The partial federal government shutdown could be the kind of shock to consumer and business confidence that helps nudge the economy toward the next recession, according to a leading economist who served under former President Barack Obama.
“Ben Bernanke recently said that expansions don’t die of old age, they get murdered,” Betsey Stevenson, a former economic adviser to Obama now at the University of Michigan, said on the latest episode of the POLITICO Money podcast. “There’s some kind of shock. There is something that goes wrong. Maybe it’s bad policy like shutting the government down for a long period of time.”
Historically, government shutdowns have had limited impact on the overall economy. But the duration and severity of the current impasse, now more than three weeks old, has led some economists to suggest it could cause deeper damage.
Ian Shepherdson of Pantheon Macroeconomics wrote this week that if the shutdown lasted the entire first quarter, the impact on government workers’ paychecks and government contracts could essentially wipe out growth in the first three months of the year. JPMorgan Chase CEO Jamie Dimon cited that report on the bank’s earnings call today.

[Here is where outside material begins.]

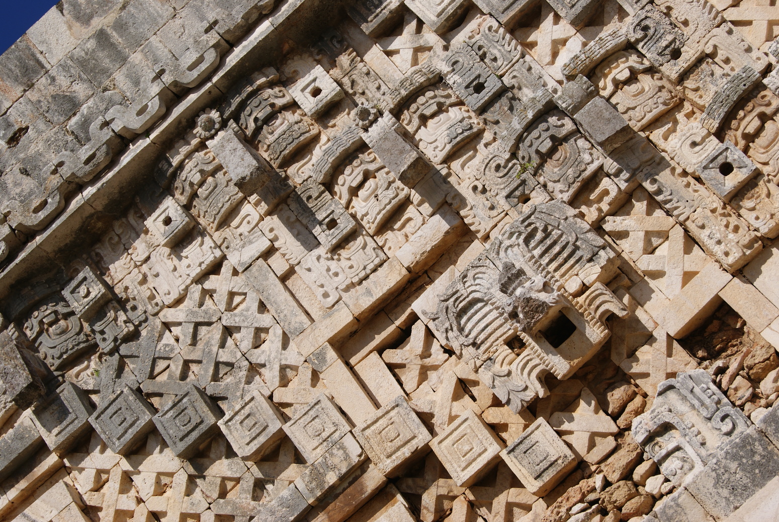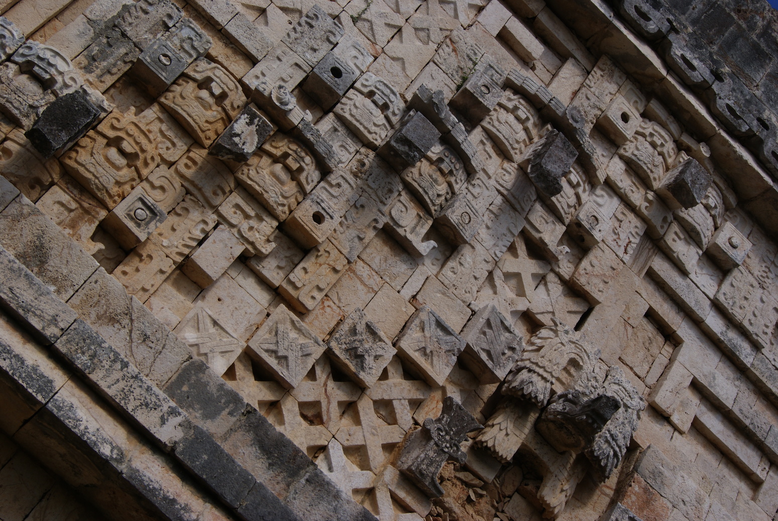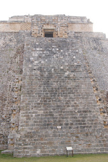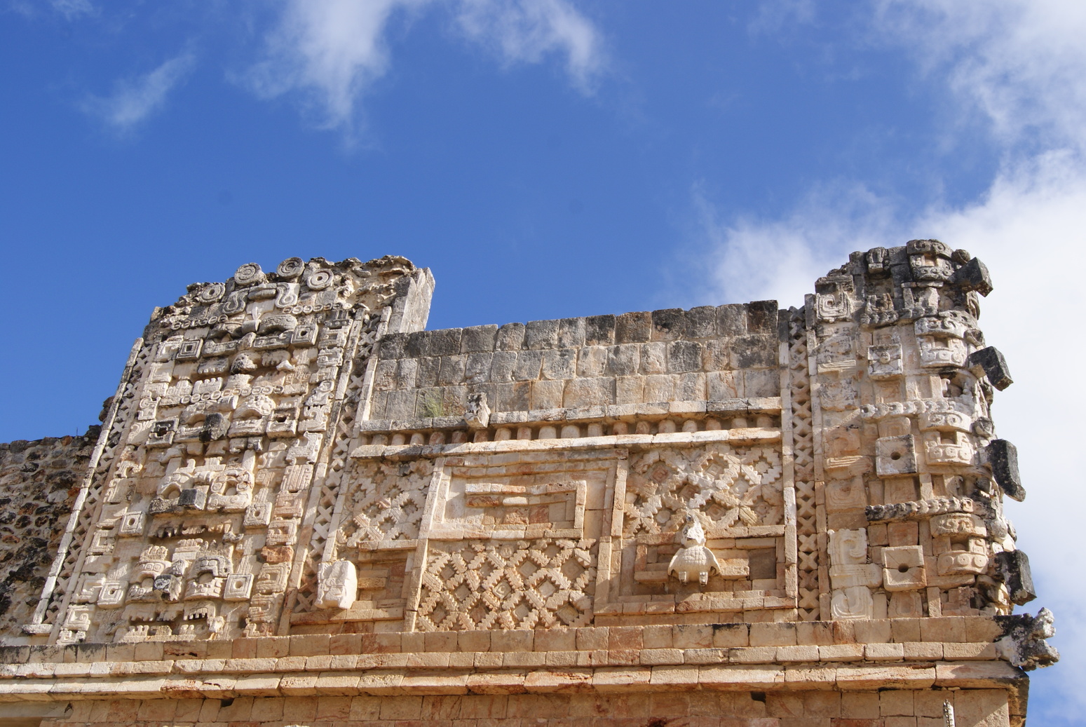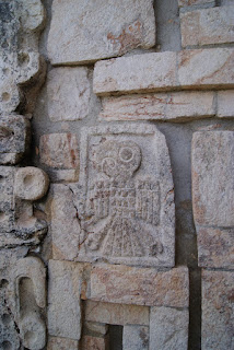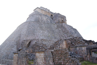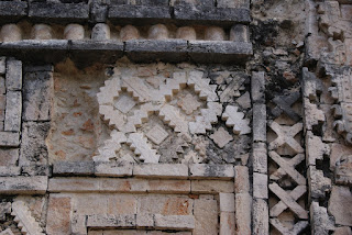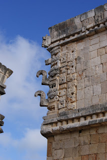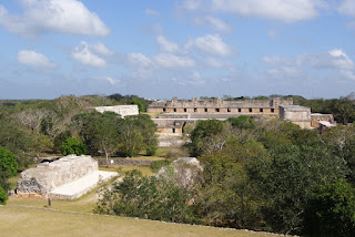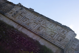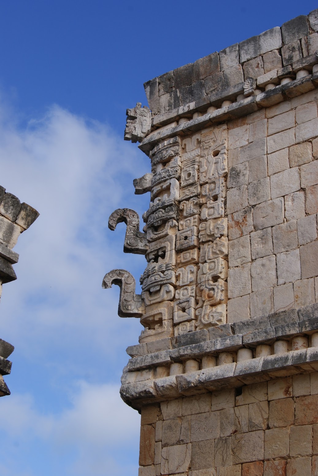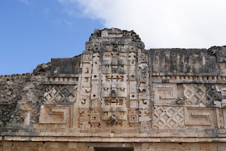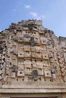 Arrivons-en à l'histoire de la cité Maya, un vaste ensemble qui compte parmi les plus impressionnants du pays avec ses structures en bon état et richement décorées. Uxmal était une cité importante, son nom signifie "construit trois fois", mais elle fut en réalité édifiée à cinq reprises. Le fait qu'une nombreuse population ait pu prospérer dans cette région si aride témoigne des talents et de l'ingéniosité des Mayas, qui construisirent plusieurs réservoirs et chultunes (citernes) tapissés d'une couche de chaux, afin de recueillir et de retenir l'eau pendant la saison sèche. En raison de la rareté de l'eau dans la région, Chac, le dieu de la pluie ou Serpent Céleste revêt une importance toute particulière. Il est omniprésent sur tout le site (on avait bien entendu la veille hein!), sous la forme de masques de stuc décorant les façades et les corniches.
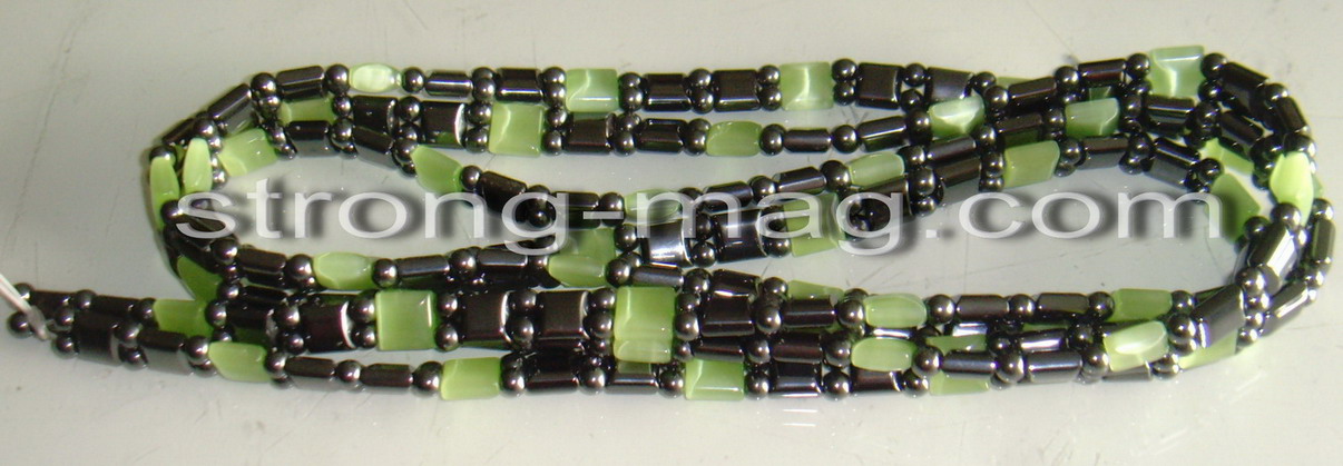 strip2 lines belt with inserted green cat eye spacer, consist by 10mm square magnetic spacer and green cat eye spacer and 5mm round beads,2 meter length with extra 1 meter copolymer line, the product is prepared to make double bracelets. 2M Ferrite Hematite Magnet A

Beyond the direct impact of missed paychecks and dormant government contractors, the shutdown could give both businesses and consumers the impression that Washington is fundamentally broken, shaking their confidence in the future.
“One thing that we worry about is what is going to break consumer confidence, what is going to shake consumers and shake business confidence, what is going to make people worried enough that maybe they pull back a little bit,” Stevenson said. “And that’s why a lot of people are a bit worried that the government shutdown could have long-lasting negative effects if it goes on long enough that it shakes both consumer and business confidence.”